Will Colorado fall under the spell of ranked choice voting?

Last week in Colorado, Ballot Initiative 310 qualified for November's ballot.  If approved, “it would change most of Colorado’s primaries so candidates from all parties run against each other, followed by a ranked choice voting general election.” 

USA Today published an article that listed “18 states that allow ranked choice voting [RCV] in some capacity,” in which it tried to explain the most common form of RCV, called “instant runoff voting”:

  • Scenario one: One candidate wins a majority of first-preference votes and is declared the winner.
  • Scenario two: There is no majority winner.  The candidate with the fewest first-place votes is eliminated along with his first-preference votes.  The counting restarts and moves the second-preference votes to first-preference.  This process repeats until a candidate wins a majority.

If Scenario Two is not 100% clear, you are encouraged to consult Ballotpedia — the alpha and the omega of all things ranked choice voting.  For example, that link references (with an animation, no less!) the 2022 Alaska House of Representative special election, where after two rounds of RCV, Mary Peltola defeated Sarah Palin and Nick Begich.

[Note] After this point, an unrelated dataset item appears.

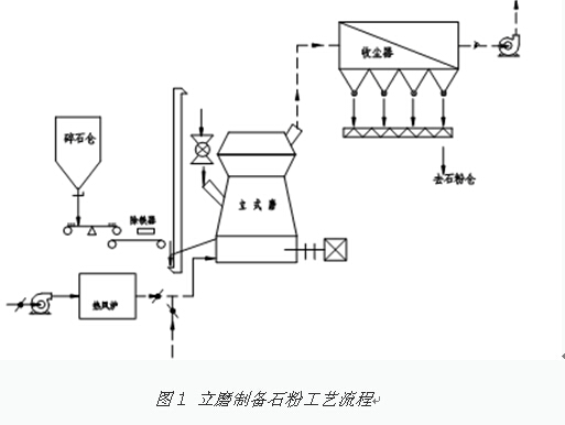 經破碎后的石灰石由庫底調速皮帶秤計量配料后,由皮帶輸送機喂入立磨進行粉磨,成品為細度250目石灰石粉。粉磨后的石灰石粉經輸送機送入成品庫儲存。儲庫庫頂設有單機收塵器除塵。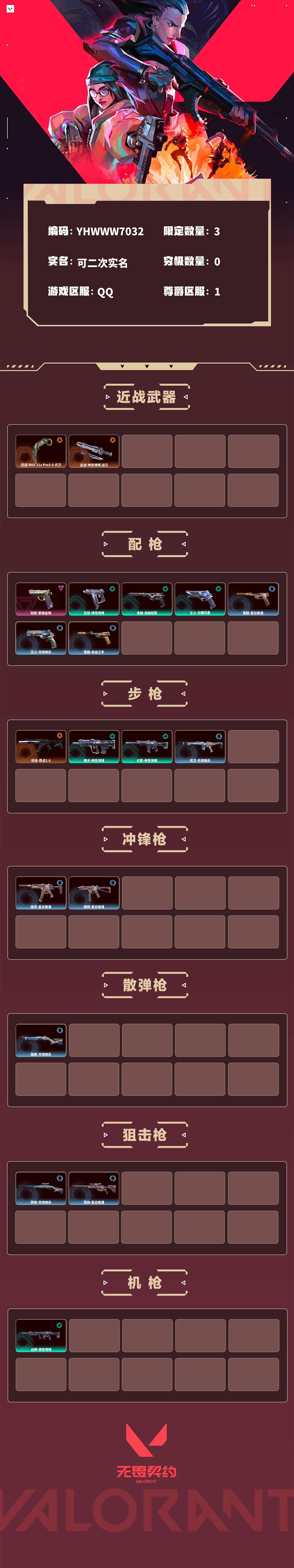 【无畏契约】【yhwww7032】等级:95,已用无畏点6650,已用源晶点205,橙皮:近战-rgx 11z pro3.0 爪刀|狂徒-奇点2.0|近战-神圣领域 战刀__紫皮:标配-紫阙金琅__段位:青铜__蓝皮:鬼魅-星云暗涌|骇灵-星云暗涌|正义-月球哨兵|莽侠-月球哨兵|戍卫-月球哨兵|雄鹿-月球哨兵|鬼魅-命运之手|冥驹-星云暗涌|蜂刺-星云暗涌__绿皮:獠犬-神圣领域|狂怒-神圣领域|战神-神圣领域|幻影-神圣领域|鬼魅-诡秘蛇影|正义-日耀风暴__英雄:尚勃勒|维斯|黑梦|斯凯|暮蝶|盖可|霓虹|壹决|星礈|k/o|幽影|夜露|钢锁|海神|奇乐|炼狱|铁臂|贤者|猎枭|钛狐|芮娜|零|捷风|蝰蛇|不死鸟|幻棱|雷兹

The WSJ’s Kimberly Strassel expresses a distinctly scathing impression of that election in her Op-ed entitled “The Ranked Choice Scam”:

It [RCV] forces voters to play its complex game [of ranking multiple candidates] or risk not being counted. Alaska is a Republican state, and two of the three candidates who advanced — Sarah Palin and Nick Begich Jr. — are Republicans. They split the vote in the first round of counting, giving Democrat Mary Peltola more votes than Ms. Palin. Mr. Begich was then eliminated. Half his voters went to Ms. Palin. Only about a quarter went to Ms. Peltola, but it was enough to push her over 50% of those who ranked either her or Ms. Palin. Yet notice the numbers don’t add up. About 20% of Mr. Begich’s supporters didn’t put a second choice — either in confusion or protest. (A full 35% of Palin voters didn’t.) Those voters didn’t want Ms. Peltola — they wouldn’t mark her name — but for refusing to play the game, their punishment was to be stuck with her anyway. Thus does a state that Donald Trump won by 10 points, and in which 60% of the voters chose first a Republican, end up with a Democratic representative. Consensus? Hardly. The word is “rigged”.

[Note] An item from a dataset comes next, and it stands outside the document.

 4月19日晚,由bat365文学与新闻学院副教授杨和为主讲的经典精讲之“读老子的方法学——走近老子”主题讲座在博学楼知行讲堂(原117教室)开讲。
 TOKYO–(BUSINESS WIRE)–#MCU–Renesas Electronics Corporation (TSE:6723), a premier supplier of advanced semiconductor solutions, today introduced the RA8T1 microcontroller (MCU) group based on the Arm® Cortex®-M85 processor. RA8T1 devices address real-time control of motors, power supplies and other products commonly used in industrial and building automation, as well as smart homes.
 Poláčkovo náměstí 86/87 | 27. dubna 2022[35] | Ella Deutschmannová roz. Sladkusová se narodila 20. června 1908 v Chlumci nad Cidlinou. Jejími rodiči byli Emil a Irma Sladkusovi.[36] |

The Democrat left has been grinding away, spreading RCV throughout the country.  As Ms. Strassel explains:

Two years ago, left-leaning outside groups quietly funded Alaska liberals (posing under the vanilla title Alaskans for Better Elections) backing a ballot initiative to do away with the state’s perfectly good election system. It was replaced with a “top four” primary and a ranked-choice general election. Most Alaskans didn’t know what they were voting for, since the initiative was a mind-numbing 25 pages of single type, and its boosters tucked the voting part into the garble. The initiative instead led with a provision claiming it would eliminate “dark money” (doubly offensive given its own cloaked funding). Even with all this subterfuge, it barely passed.

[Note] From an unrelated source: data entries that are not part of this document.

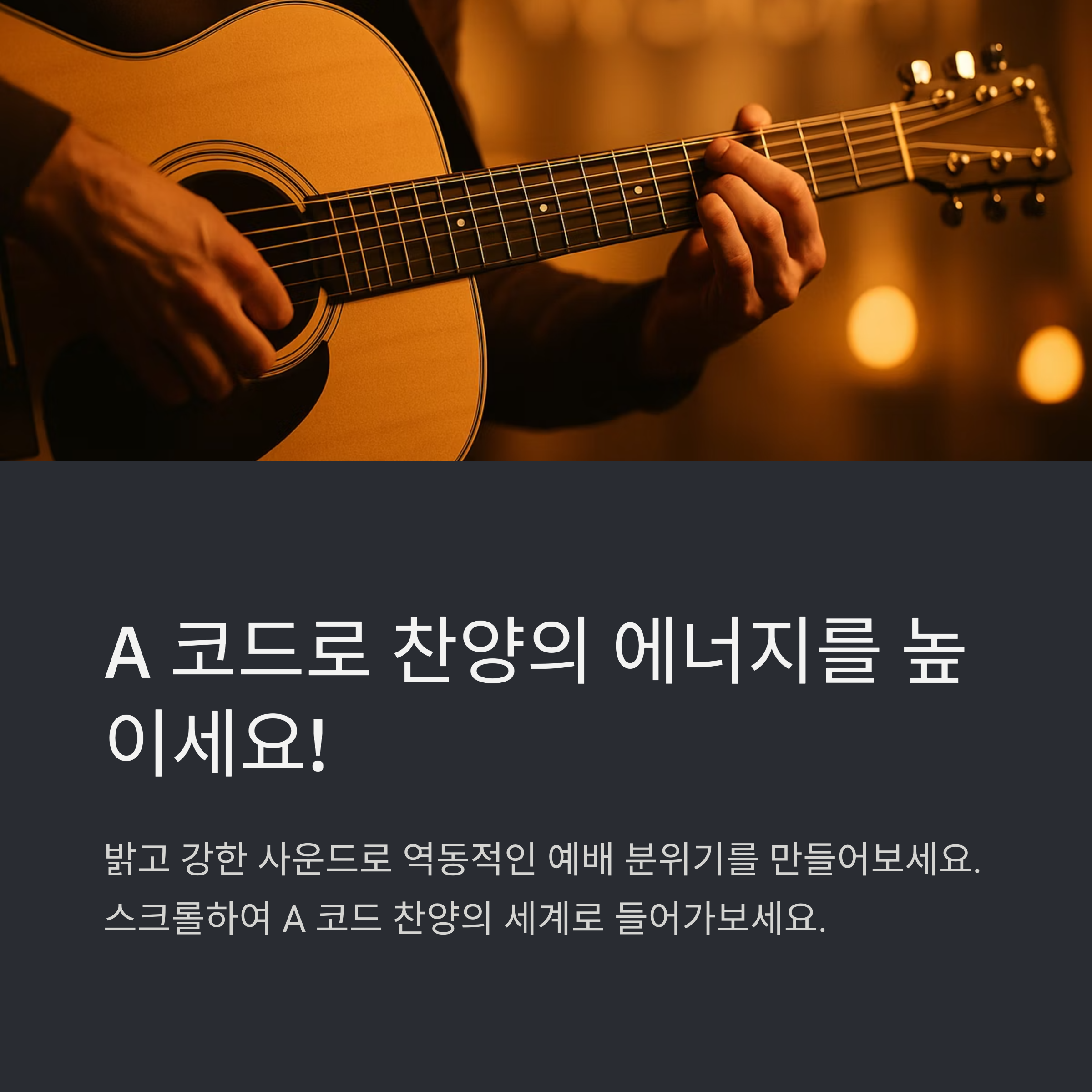 A 코드 찬양 추천은 열정적이고 진취적인 예배를 위한 최고의 선택 중 하나입니다. 기타 연주자에게는 쉽고 강렬한 사운드를 제공하며, 남성 보컬에겐 편안한 음역대를 보장합니다. 오늘 소개한 곡들을 연습하며 찬양팀의 역동적인 분위기를 만들어 보세요.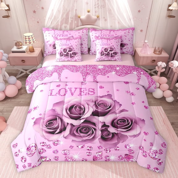 Feelyou 3D Pink Rose Twin Bedding Sets 7-Piece for Couple, Romantic Valentine's Day Bedding Comforter Set, Glitter Fashion Diamond Reversible Sheet Sets, Super Cozy Room Decor From $66.49
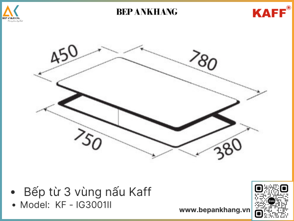 Bếp từ 3 vùng nấu KAFF KF - IG3001II - Made in Malaysia

That “top four” terminology for primaries is especially pernicious: under RCV, primary elections are open to any and all; there is no guarantee that a candidate from each of the two major political parties will make the cut to the general election.  The third time is the charm for quoting Ms. Strassel:

The state [Alaska] got its unexpected first interaction with this regime when Rep. Don Young died in March. The ensuing special “open” primary featured 48 candidates, running as Republicans, Democrats, Libertarians, independents, “nonpartisans,” “undeclared” and (no joke) Santa Claus. All this “choice” served only to deny Alaskans useful information about any one candidate. Choice becomes malevolent when it eliminates meaningful debate, denies voters information, and lards ballots with no-hope candidates that distract from serious ones.

The proponents of RCV trumpet liberation from the shackles of two-party politics, more diverse candidates, increased civility among candidates, more voters voting, and less money spent by states and local governments through the elimination of additional rounds of voting.  That last argument is from the website of FairVote.org, which is a good source for pleasant-sounding platitudes, obscurations, technocratic complexities, prevarications, and outright mendacities, all in the service of ranked choice voting.

In Colorado — aka California East in some circles — ranked choice voting is just another tactic to enshrine Democrat oligarchic rule.  Will Colorado voters take yet another blue pill without asking what’s in it?